Solved

Ingesting JSON files from nested date and hour subfolders

7 months ago
November 5, 2024
2 replies
81 views

RobvdBrink
Starter
1 reply

Hi all,

I am currently working with a client who is using TimeXtender version 6766.1 in an Azure environment. We are trying to ingest data from a source that generates JSON files stored in a hierarchical folder structure organized by date and hour. The folder structure is as follows:

subject/version/date=YYYY-MM-DD/hr=HH/*.json

Example Path: dev/Call/1.2/date=2024-10-30/hr=14/*.json

Within each hr=HH (hour) folder, there may be one or more JSON files. Similarly, each date=YYYY-MM-DD (date) folder may contain multiple hour subfolders, though it's rare for all 24 hour subfolders to be present.

I have successfully configured the data source connector in TimeXtender to read all JSON files from a specific hour folder, as shown in the example above. However, our goal is to configure TimeXtender to ingest all JSON files across all date and hour subfolders under the main path:

dev/Call/1.2/

When I attempt to use wildcards to achieve this—such as:

dev/Call/1.2/*/*/*.json

I encounter an error stating:

Error 404: Path not found

My questions are:

Is it possible to configure TimeXtender to recursively ingest JSON files from all subfolders using wildcards or via another method?
If so, could you please provide guidance on how to set up the data source connector to accomplish this?
If this functionality is not supported, would you recommend implementing an Azure Function or another solution to consolidate all JSON files into a single folder for TimeXtender to access?

Your assistance in resolving this issue would be greatly appreciated.

Thanks in advance for your support.

Best regards,

Rob van den Brink

Best answer by Thomas Lind

Hi @RobvdBrink

Let me just add my findings and the current status of this issue.

Here is the response regarding if it was possible in the normal setup to do this.

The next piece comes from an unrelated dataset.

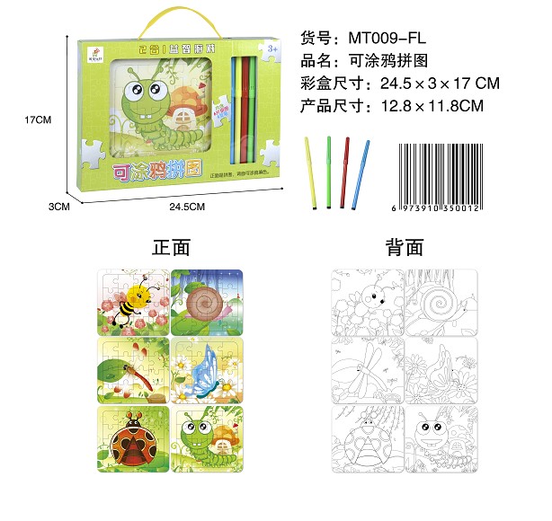 可涂鸦昆虫拼图(6拼图+4色笔)

Unfortunately, all the aggregated file related properties are for CSV files, not JSON since trying to aggregate JSON files dynamically would be significantly more complicated than with CSV files. I do think this should be possible in an RSD, likely with some kind of pseudo-column input for which dates/times you want to include and use of a nested set of enum blocks to loop through all the relevant URIs. One thing that may be an issue would be the exact names of the JSON files, looking through the ZIP example here, it seems like these files have randomly generated GUIDs as names, which would make it difficult to build the URI to that JSON file. If the files were instead named with a scheme that you could iterate through (something like file1.json, file2.json, etc.), that would probably help with the implementation in the RSD file.

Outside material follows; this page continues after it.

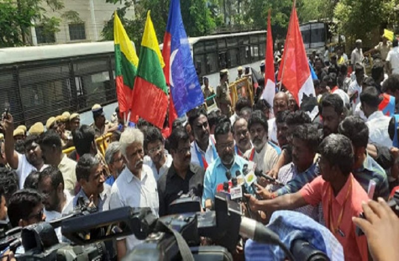 चेन्नई. श्रीलंकाई तमिलों के खिलाफ हुए अत्याचार और युद्ध अपराध पर भारत सरकार द्वारा संयुक्तराष्ट्र की बैठक में दबाव बनाने को लेकर गुरुवार को नुंगम्बाक्कम स्थित श्रीलंकाई दूतावास के समक्ष गुरुवार को काफी संख्या में लोगों ने जुटकर विरोध प्रदर्शन किया। इस प्रदर्शन का नेतृत्व वीसीके नेता तोल तिरुमावलवन और डीवीके नेता कोलातूर मणी ने किया। करीब ३०० से अधिक संख्या में लोगों ने श्रीलंकाई दूतावास के आगे नारेबाजी और विरोध प्रदर्शन किया। मामले पर विशेष जानकारी देते हुए वीसीके युवा इकाई की सहायक सचिव जयंती अलफोंजे ने कहा कि संयुक्त राष्ट्र संघ का सत्र चल रहा है। वर्ष २०१५ में एक प्रस्ताव पास कर श्रीलंका को लिट्टे के खात्मे के दौरान श्रीलंकाई तमिलों पर हुए अत्याचार, युद्ध अपराध की समीक्षा कर दोषियों पर कार्रवाई और जिन परिवार के साथ ऐसा हुआ उन्हें पुनर्विस्थापित और मुआवजा देने की बात कही गई थी। लेकिन आज तीन साल होने के बाद भी श्रीलंका ने अब तक इस पर कुछ भी नहीं किया। प्रधानमंत्री नरेंद्र मोदी खुद और मौजूदा सरकार की विदेश नीति और प्रभाव का बखान करते नहीं चुकते। तो उन्हें श्रीलंकाई तमिलों के साथ हुए अत्याचार के विषय पर भारत की ओर से संयुक्त राष्ट्र संघ की बैठक में दबाव बनाना चाहिए। हम नहीं चाहते कि तमिलनाडु में उस देश का दूतावास रहे जहां कि सरकार ने हमारे तमिल भाइयों और बहनों पर अत्याचार किया है। इस प्रदर्शन में एलम तमिल फेडरेशन, वीसीके, डीवीके समेत कई अन्य संगठनों ने भी हिस्सा लिया। पुलिस ने मौके पर पहुंचकर प्रदर्शनकारियों को अपने गिरफ्त में लिया और देर शाम सभी को रिहा करा दिया।

I then made some RSD files.

This is how it ended up.

<api:script xmlns:api="http://apiscript.com/ns?v1" xmlns:xs="http://www.w3.org/2001/XMLSchema">
	<!-- See Column Definitions to specify column behavior and use XPaths to extract column values from JSON. -->
	<api:info title="VehicleCombination" desc="Generated schema file." xmlns:other="http://apiscript.com/ns?v1">
		<!-- You can modify the name, type, and column size here. -->
		<attr name="VehicleId" xs:type="string" readonly="false" other:xPath="/json/Call/CallVisit/RoadVisit/VehicleCombinations/VehicleCombination/VehicleId"/>
	</api:info>

	<api:set attr="DataModel" value="DOCUMENT"/>
	<api:set attr="baseURI" value="C:\\FlatFiles\\e-mergo\\Call\\1.2\\date={date}\\hr={hour}"/>
	<api:set attr="JSONPath" value="$.Call.CallVisit.RoadVisit.VehicleCombinations.VehicleCombination"/>
	<api:set attr="EnablePaging" value="True"/>

	<!-- The GET method corresponds to SELECT. Here you can override the default processing of the SELECT statement. The results of processing are pushed to the schema's output. See SELECT Execution for more information. -->
	<api:script method="GET">
		<api:set attr="method" value="GET"/>
		<api:set attr="dates" value="2024-10-25,2024-10-25,2024-10-26,2024-10-27,2024-10-28,2024-10-29,2024-10-30,2024-10-31"/>
		<api:enum list="[dates]" separator=",">
			<api:set attr="date" value="[_value]"/>
			<api:set attr="URIDate" value="[baseURI | replace('{date}', [date])]" />
			<api:enum range="0..23">
				<api:set attr="hour" value="[_value | rjust(2, '0')]" />
				<api:set attr="URI" value="[URIDate | replace('{hour}', [hour])]" />
				<api:call op="jsonproviderGet">
					<api:catch code="500"></api:catch>
					<api:push/>
				</api:call>
			</api:enum>
		</api:enum>
	</api:script>
</api:script>

However there is an issue with this.

I do not point at a specific file or have a third enum iterating over filenames as they are all randomly given GUIDS like this 2c2426e0-9737-496b-bd2d-0fad7b62a33b.json. When you do that looping does not work.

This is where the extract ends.